_Work order_
Every line from the one with "今回のメインである蟹鍋で使用" through the final line of the data below goes in the answer, copied exactly. Pictures do not.

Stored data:
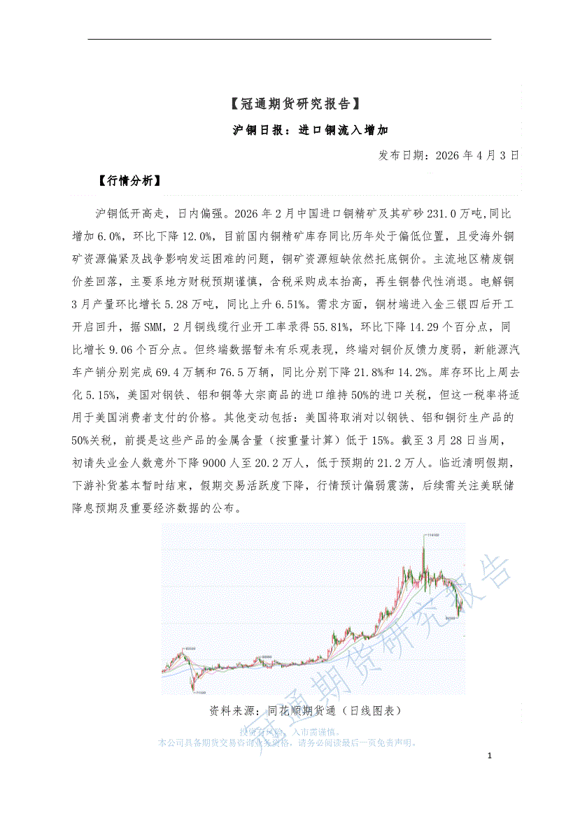 冠通期货-沪铜日报:进口铜流入增加-260403
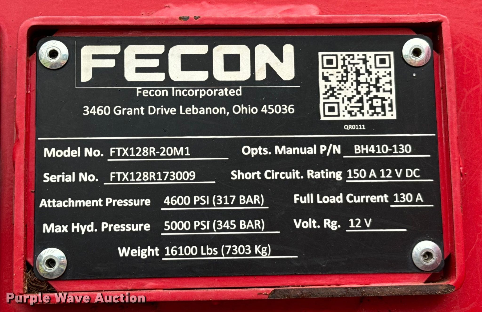 2017 Fecon FTX 128R mulcher has sold in Norman, Oklahoma for $155100. Item NQ9712 sold on September 5th, 2024.
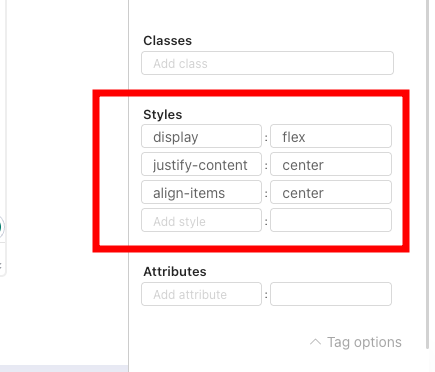 • ✔ Styles – This is where you enter custom styles using CSS key-value pairs (e.g. margin: 20px).
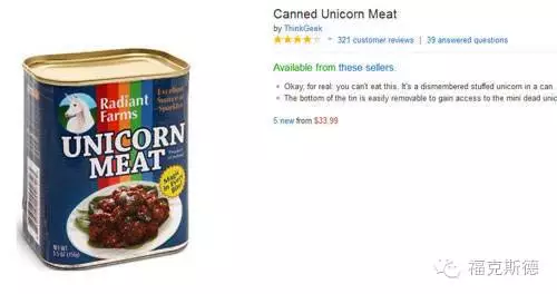 1.原汁原味独角兽肉罐头 (售价:34美金)
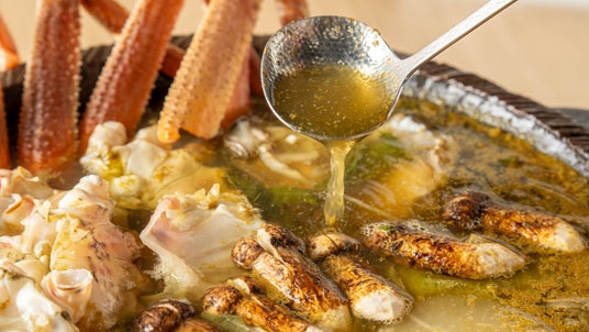 今回のメインである蟹鍋で使用するズワイ蟹は、提供当日に板前が丁寧に捌き、松茸と殻牡蠣も一緒に、大皿に盛りつけて提供。常連のお客様からの好評をいただいている、寿司番屋特製のお出汁をたっぷりと入れた野菜入りの土鍋に、松茸とズワイ蟹、牡蠣を少しずつ追加しながら加熱すると、1度で5度楽しめるご馳走鍋が完成します。蟹鍋はぜひ料理長直伝の美味しい食べ方でご賞味ください。
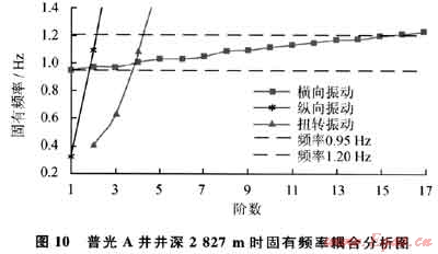 空氣鉆井中,鉆柱在井下運動時,可能是一種或幾種振動情況同時存在,因此考慮將振動進行耦合分析顯得更加重要。針對普光A井2827m時的情況,將3種振動耦合在一起考慮,結(jié)果如圖10所示。

_Completed exercise_
 今回のメインである蟹鍋で使用するズワイ蟹は、提供当日に板前が丁寧に捌き、松茸と殻牡蠣も一緒に、大皿に盛りつけて提供。常連のお客様からの好評をいただいている、寿司番屋特製のお出汁をたっぷりと入れた野菜入りの土鍋に、松茸とズワイ蟹、牡蠣を少しずつ追加しながら加熱すると、1度で5度楽しめるご馳走鍋が完成します。蟹鍋はぜひ料理長直伝の美味しい食べ方でご賞味ください。
 空氣鉆井中,鉆柱在井下運動時,可能是一種或幾種振動情況同時存在,因此考慮將振動進行耦合分析顯得更加重要。針對普光A井2827m時的情況,將3種振動耦合在一起考慮,結(jié)果如圖10所示。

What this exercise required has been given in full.